The companies will perform clinical studies to investigate various outcome measures in multiple sclerosis (MS ) patients using the system, which holds the US Food and Drug Administration (FDA) clearance.
These studies will explore the use of the nPoint system data in offering insights into MS clinical trials.
BioStamp nPoint captures medical grade, clinical bio-metric, physiological and eCOA data and processes it into recognisable clinical metrics such as vital signs, activity/actigraphy and posture classification, sEMG, and sleep metrics.
The collected data is processed and stored in a cloud that can be synched with third party EDC and CTM systems.

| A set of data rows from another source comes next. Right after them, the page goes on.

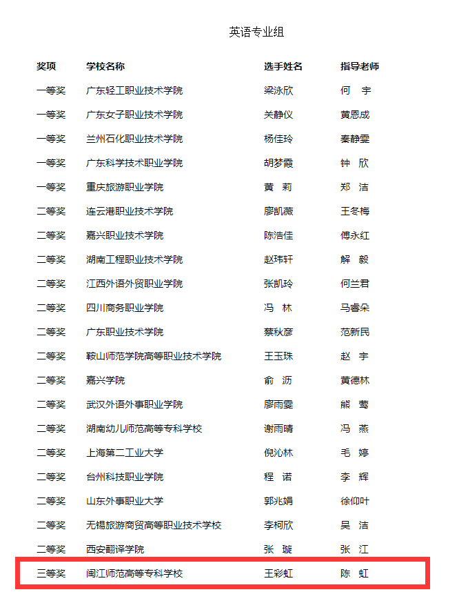 12月5日,2020“外研社·国才杯”全国英语写作大赛(高职组)总决赛远程线上举行,来自全国27个省(自治区、直辖市)的181名选手参加决赛争锋。由陈虹老师指导的19级英语教育专业王彩虹同学在比赛中表现突出,荣获该赛事专业组三等奖。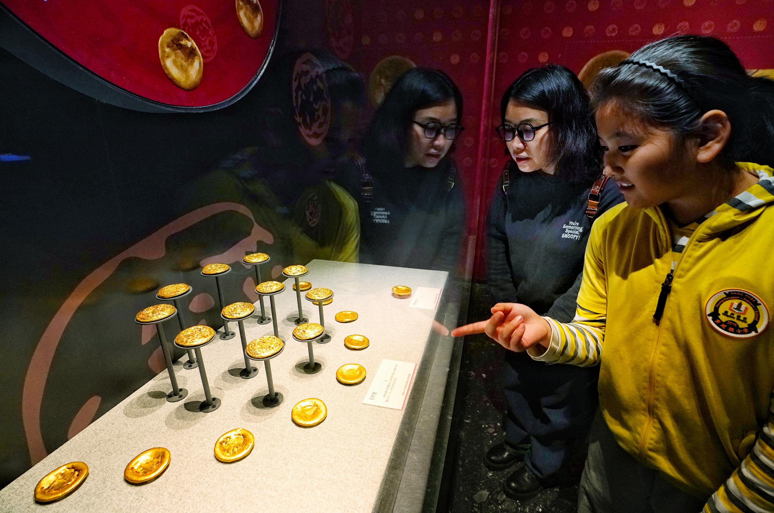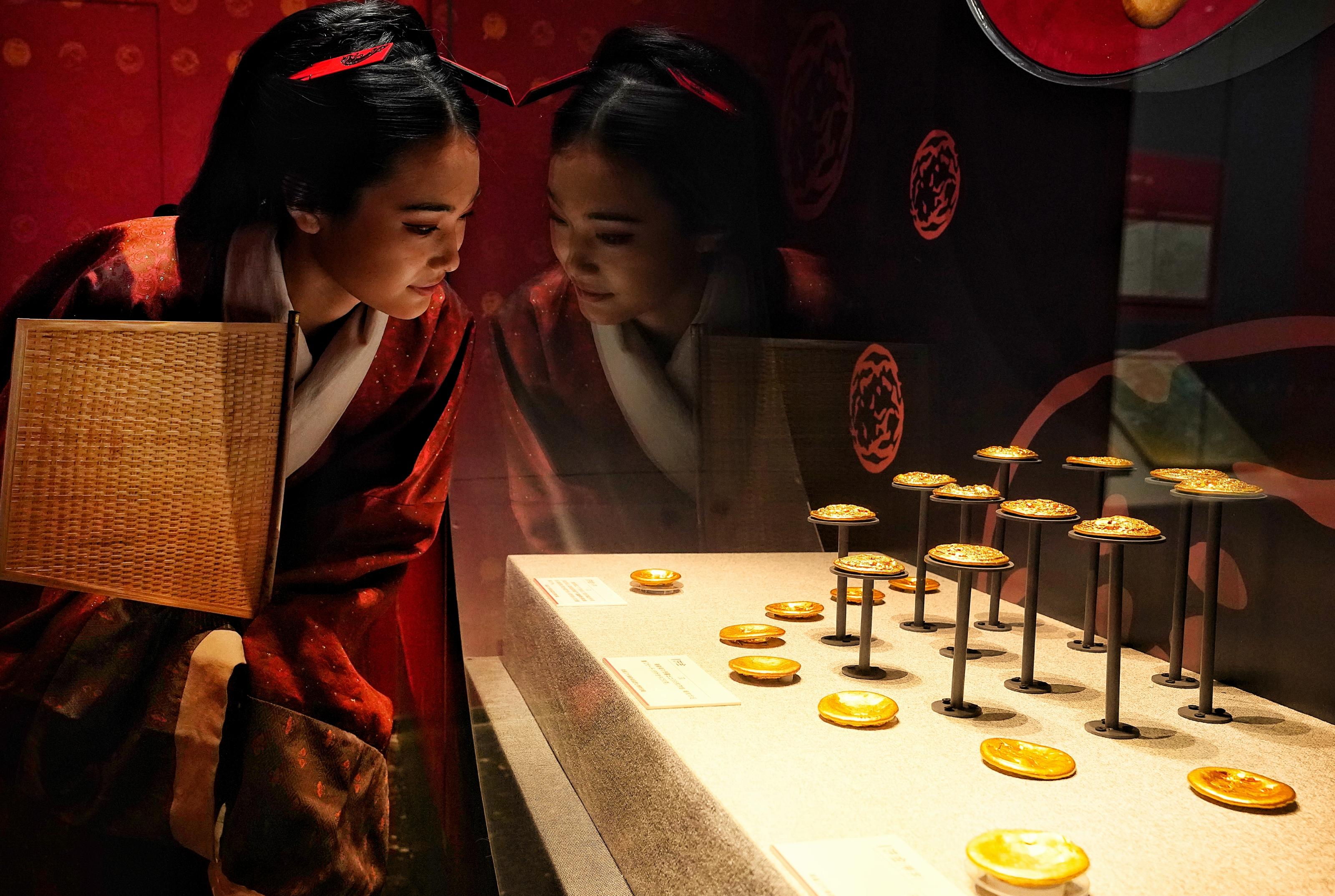 “褭蹏金形状像马蹄,也被大家称作马蹄金,它和麟趾金底部均刻有‘上’‘中’‘下’铭文,以精湛花丝镶嵌工艺铸就,既是汉武帝时期的祥瑞纪念币,更暗藏着森严的等级秩序,它们专用于赏赐服从中央的诸侯王。”邢宇告诉记者。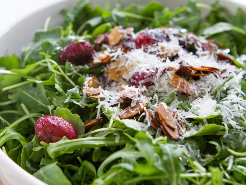 - Добавьте рукколу в большую миску. Добавьте сверху виноград. Полейте салат заправкой. Посыпьте миндалем, натрите сверху немного свежего пармезана и сразу подавайте.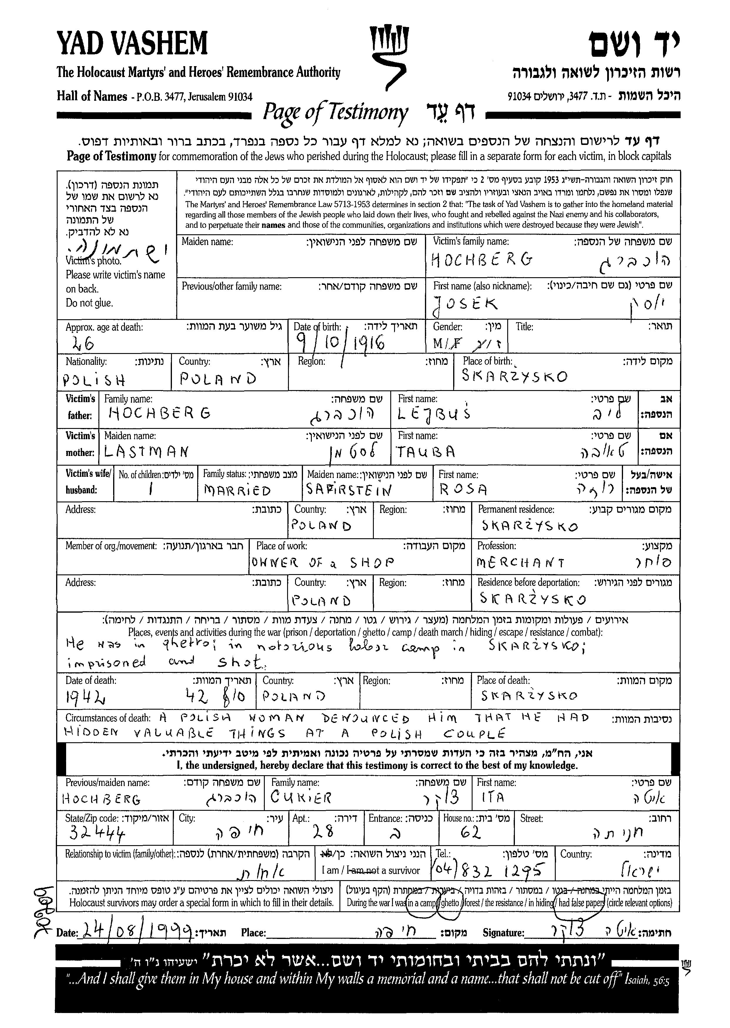 Josek Hochberg wurde im Jahr 1916 in Skarzysko Kamienna, Polen geboren. Er war Kaufmann/-frau. Vor dem Zweiten Weltkrieg lebte er in Skarzysko Kamienna, Polen.

AbbVie Development Neurosciences vice-president Dr Michael Gold said: “We are excited to explore the BioStamp nPoint System’s ability to unobtrusively collect clinically relevant data continuously from subjects in more natural settings.
“This technology has the potential to improve the quality of data we collect and at the same time reduce the burden on study participants.”
The system is optimised for in-home as well as in-clinic use. It is designed with multi-modal, multi-location, rechargeable, reusable and wireless sensors that can be applied anywhere on the body, allowing targeted data collection.
It is accompanied by a mobile app that guides users through sensor application, prescribed activities and eCOA.
A web portal is also available for researchers to design and configure their trial, enrol participants, track trial progress and view/extract raw data and processed metrics.
Meanwhile, an investigator app enables assigning of sensors to subjects and viewing streaming data in clinical settings.